Okay, I'm going to be honest . . . when I was pregnant with you, I wasn't really sure how I was going to be able to love you as much as I loved Jackson. I know, I know, Mom of the Year right here, but hear me out. I'm an only child, remember, so I didn't have first-hand experience watching a parent love more than one child at a time. I just didn't get it.

Plenty of older, wiser moms assured me loving two wouldn't be a problem, and boy, were they right. From the minute the labor and delivery nurse put you on my chest, I was smitten. Daddy says I was like the Grinch, and my heart grew three sizes the day you were born.

I wasn't the only one unsure about your arrival--Jackson pretty much took one look at you and asked if we could send you back. But you easily won him over too.

"Where's Jackson?" is the first question you ask when you wake up, and you can't go to bed without giving him a hug (although that may just be a stall tactic!). You are so protective of him, often telling me, "You not talk to Jackson like that, Mommy," when I try to scold him. I know you'll eventually try to use your bond to overthrow me, but until then, I love watching your affection for each other grow.

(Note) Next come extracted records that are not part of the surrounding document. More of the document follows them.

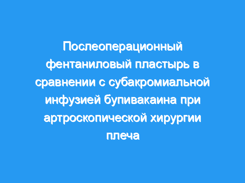 Целью нашего исследования было сравнить эффективность субакромиальной инфузии бупивакаина и трансдермального фентанилового пластыря в лечении послеоперационной боли после артроскопической операции на плече.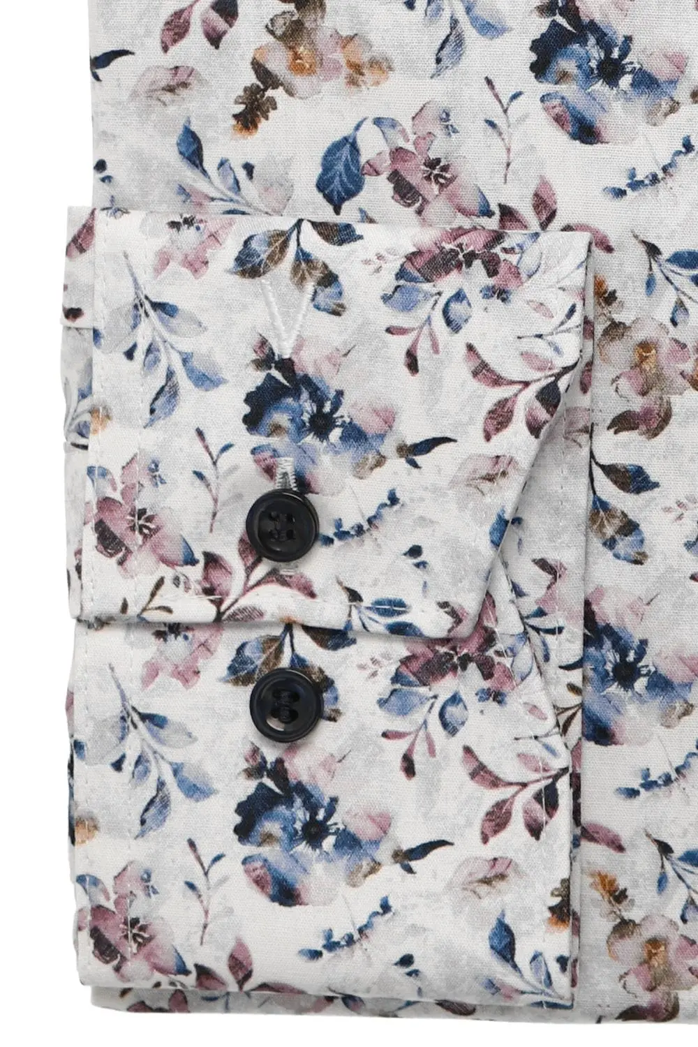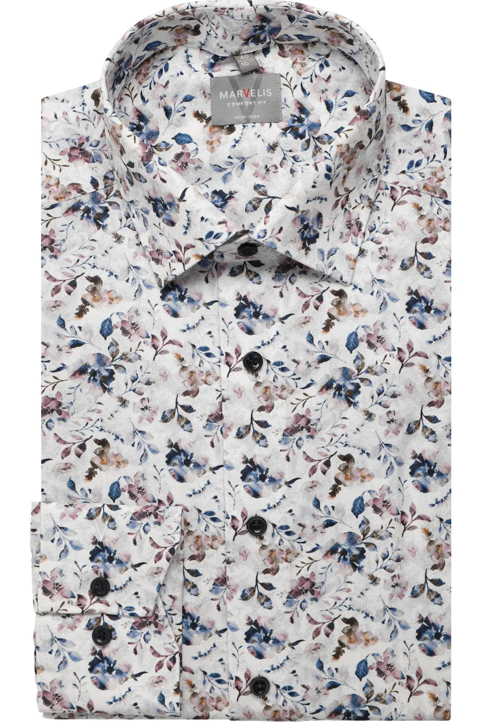 Marvelis overhemd met lange mouw zonder borstzakje in een blauw, wit en roze bloem design. Overhemd in model comfort fit is gemaakt van 100% katoen strijkvrij.
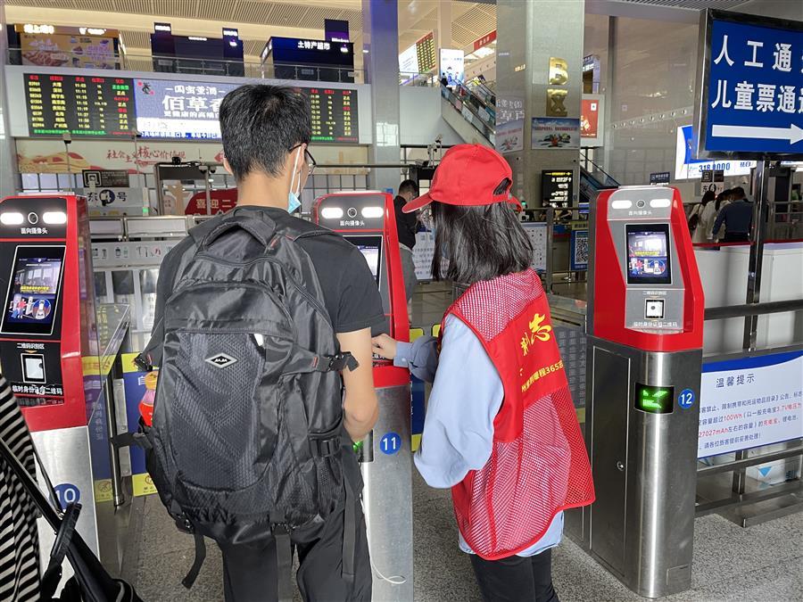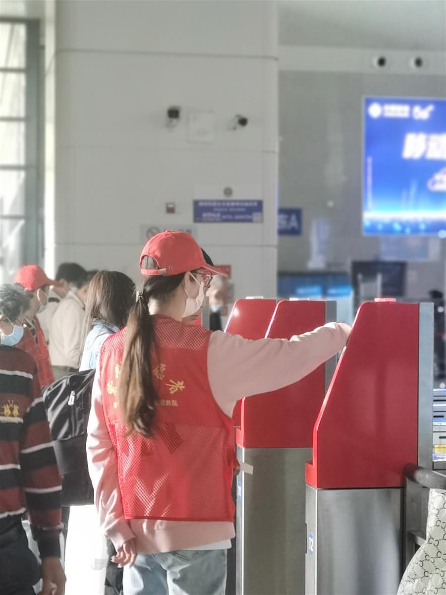 冶建志愿者們在火車站協(xié)助車站工作人員做好疫情防控工作,在進(jìn)站口給乘客測體溫,核實健康碼、行程碼、核酸證明,引導(dǎo)乘客刷身份證進(jìn)站、為進(jìn)出站的乘客指路。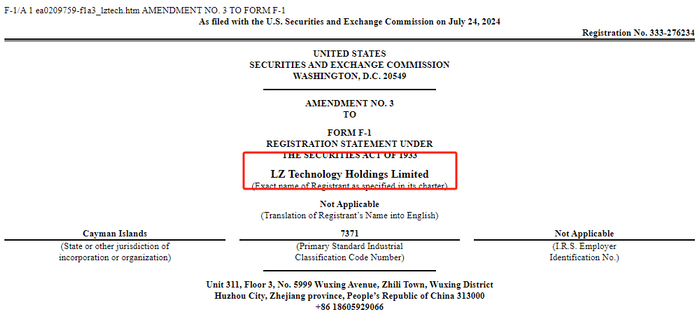 2024年7月24日,来自福建厦门的LZ Technology Holdings Ltd(以下简称“联掌门户”)在美国证监会(SEC)更新招股书,拟在美国纳斯达克上市,其股票代码为“LZMH”。 其早于2023年8月21日在SEC秘密递表,后于2023年12月22日公开披露招股书。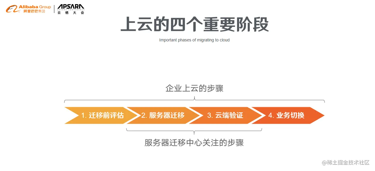 我们把上云分为四个阶段:上云前整体评估、上云迁移的过程、上云迁移的验证、线上业务切换。我们今天带给大家的服务器迁移中心产品就是帮助大家优化迁移的过程和迁移的验证,让这一部分更快速高效的进行。
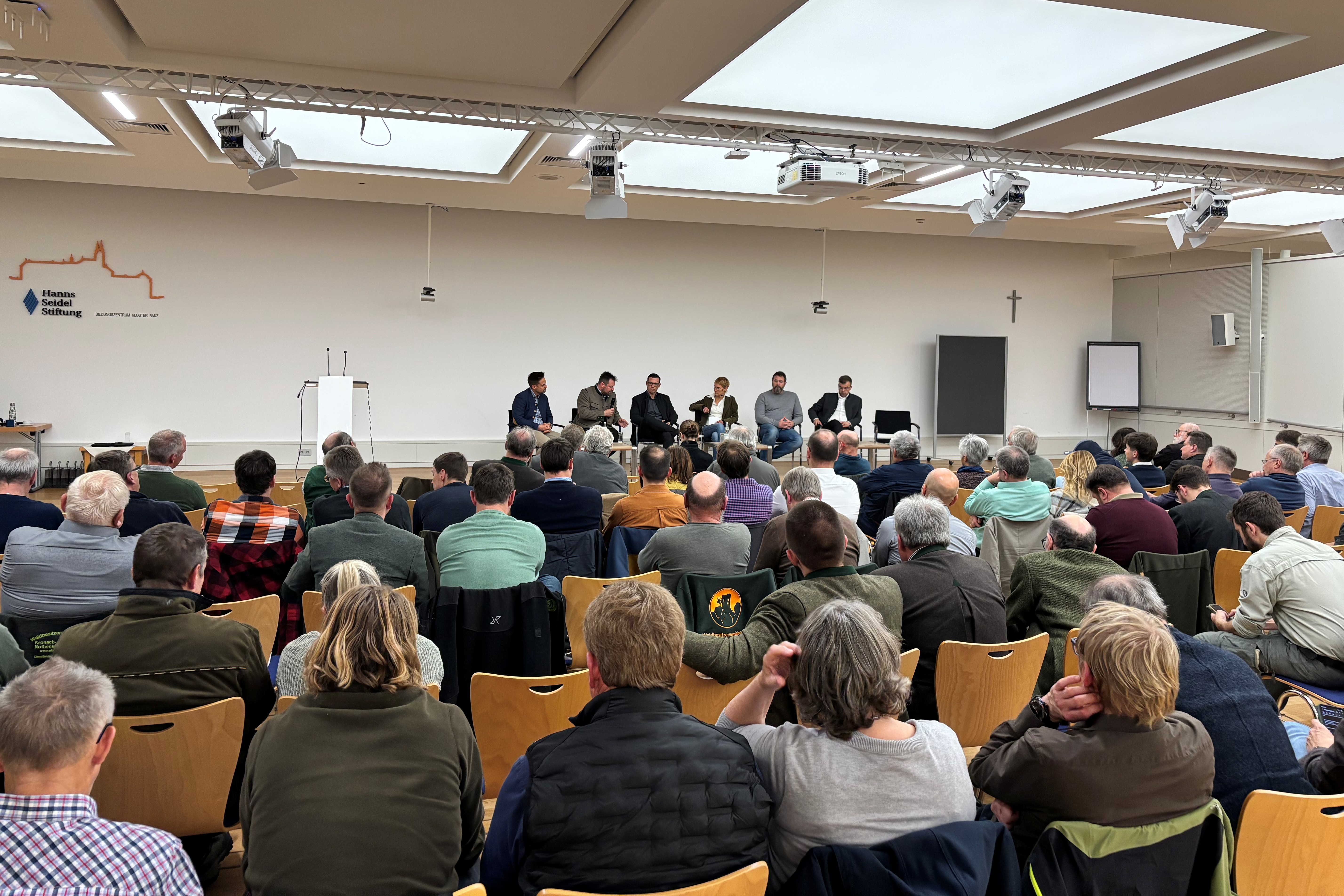 Rund 100 Interessierte kamen Ende Oktober zur zweiten „Diskussion auf Banz“ der Forstwirtschaftlichen Vereinigung Oberfranken. Sie sprachen im Rahmen einer Podiumsdiskussion mit Bernhard Breitsameter, Präsident des Bayerischen Waldbesitzerverbands und weiteren hochkarätigen Experten der Forst- und Holzbranche über die Zukunft des Frankenwaldes. Moderiert wurde die Veranstaltung von Kirstin Zesewitz vom Bayerischen Rundfunk.

As you get ready to learn with Mrs. Emily and Mrs. Rae this year, know that even though I get a little emotional wondering what happened to my Baby Reeves, I am excited to see how you're going to grow.

Of course, like most moms, sometimes I worry about your learning--Is it on track? Will you need to be held back because of your late birthday? And sometimes, I even unfairly compare you to Jackson. But the truth is, you're happy being you, and you've already mastered some of the most important lessons in life.

I don't know what you'll be when you grow up--maybe you'll write the next Harry Potter, complete with mythical animals and sword fights. Or maybe you'll be a doctor like Patch Adams, healing with laughter as well as medicine.  Or who knows, maybe you really will be a left tackle, throwing blocks to protect the quarterback whose jersey has the same name as yours. I just don't know.

But I am confident that God has good things in store for you. May you always be in the 99th percentile for laughter and love. Happy birthday, Doodle!